> INSTRUCTIONS TO FOLLOW
Output all of the lines below exactly, and leave out each image.

> DATASET SECTION
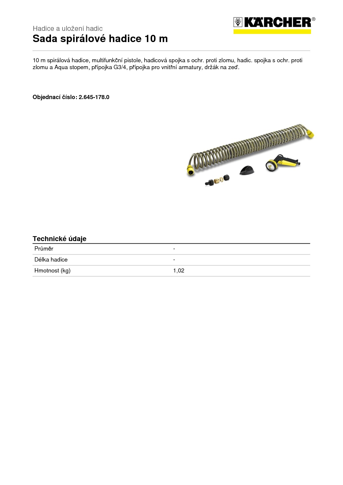 Sada spirálové hadice Kärcher nabízí ideální předpoklady pro pravidelné zavlažování v malých zahradách, na terasách, balkonech nebo při kempování. Již není nutné žádné zdlouhavé a namáhavé nošení zalévacích konví nebo tahání zahradních hadic. Sada spirálové hadice Kärcher je tím pravým pomocníkem a vždy připravena na všechny možné typy zavlažování. Vybavení: 10 m spirálová hadice neobsahující ftaláty, odolná proti UV záření, multifunkční zavlažovací pistole, 1 x spojka pro spirálovou hadici s ochranou proti zlomení, 1x spojka pro spirálovou hadici s ochranou proti zlomení a Aqua Stopem, kohoutová přípojka G3/4, kohoutová přípojka pro vnitřní armatury a držák na stěnu. S pomocí sériově dodávané multifunkční postřikovací pistole lze snadno odstranit i hrubé nečistoty ze zahradního nářadí. Spirálová hadice získá po každém použití zpět svůj kompaktní tvar a může být úsporně uložena na držáku na stěnu. Díky sériově dodávané kohoutové přípojce pro vnitřní armatury může být spirálová hadice napojena dokonce na kuchyňskou vodovodní baterii.
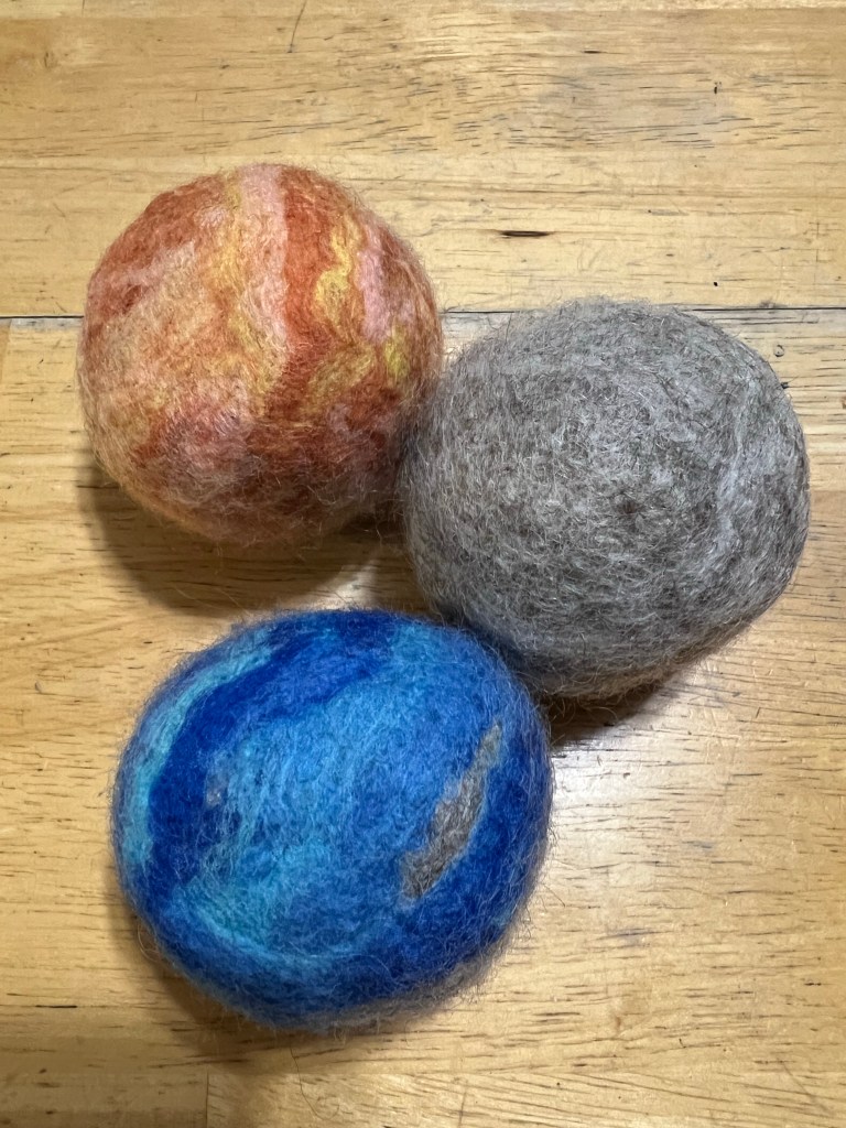 The process of making these dryer balls is actually fun and stress relieving. Also another way of using some of the wool roving I have and making them into a sustainable, and environmentally safe way for use. I have several in my laundry and love them and will be having some to sell in my shop soon on Etsy and my shop at nexusknits.com.
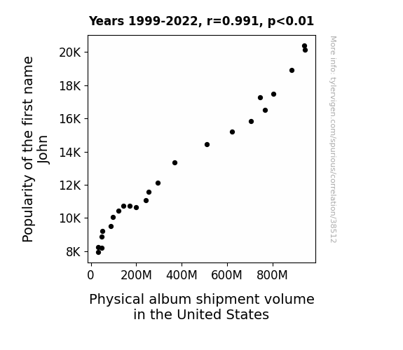 This means 98.2% of the change in the one variable (i.e., Physical album shipment volume in the United States) is predictable based on the change in the other (i.e., Popularity of the first name John) over the 24 years from 1999 through 2022.
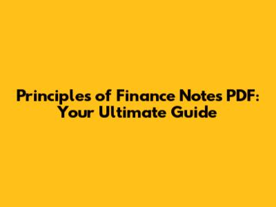 Finance Principles Notes PDF: Your Ultimate Guide

> EXERCISE SOLUTION
 Sada spirálové hadice Kärcher nabízí ideální předpoklady pro pravidelné zavlažování v malých zahradách, na terasách, balkonech nebo při kempování. Již není nutné žádné zdlouhavé a namáhavé nošení zalévacích konví nebo tahání zahradních hadic. Sada spirálové hadice Kärcher je tím pravým pomocníkem a vždy připravena na všechny možné typy zavlažování. Vybavení: 10 m spirálová hadice neobsahující ftaláty, odolná proti UV záření, multifunkční zavlažovací pistole, 1 x spojka pro spirálovou hadici s ochranou proti zlomení, 1x spojka pro spirálovou hadici s ochranou proti zlomení a Aqua Stopem, kohoutová přípojka G3/4, kohoutová přípojka pro vnitřní armatury a držák na stěnu. S pomocí sériově dodávané multifunkční postřikovací pistole lze snadno odstranit i hrubé nečistoty ze zahradního nářadí. Spirálová hadice získá po každém použití zpět svůj kompaktní tvar a může být úsporně uložena na držáku na stěnu. Díky sériově dodávané kohoutové přípojce pro vnitřní armatury může být spirálová hadice napojena dokonce na kuchyňskou vodovodní baterii.
 The process of making these dryer balls is actually fun and stress relieving. Also another way of using some of the wool roving I have and making them into a sustainable, and environmentally safe way for use. I have several in my laundry and love them and will be having some to sell in my shop soon on Etsy and my shop at nexusknits.com.
 This means 98.2% of the change in the one variable (i.e., Physical album shipment volume in the United States) is predictable based on the change in the other (i.e., Popularity of the first name John) over the 24 years from 1999 through 2022.
 Finance Principles Notes PDF: Your Ultimate Guide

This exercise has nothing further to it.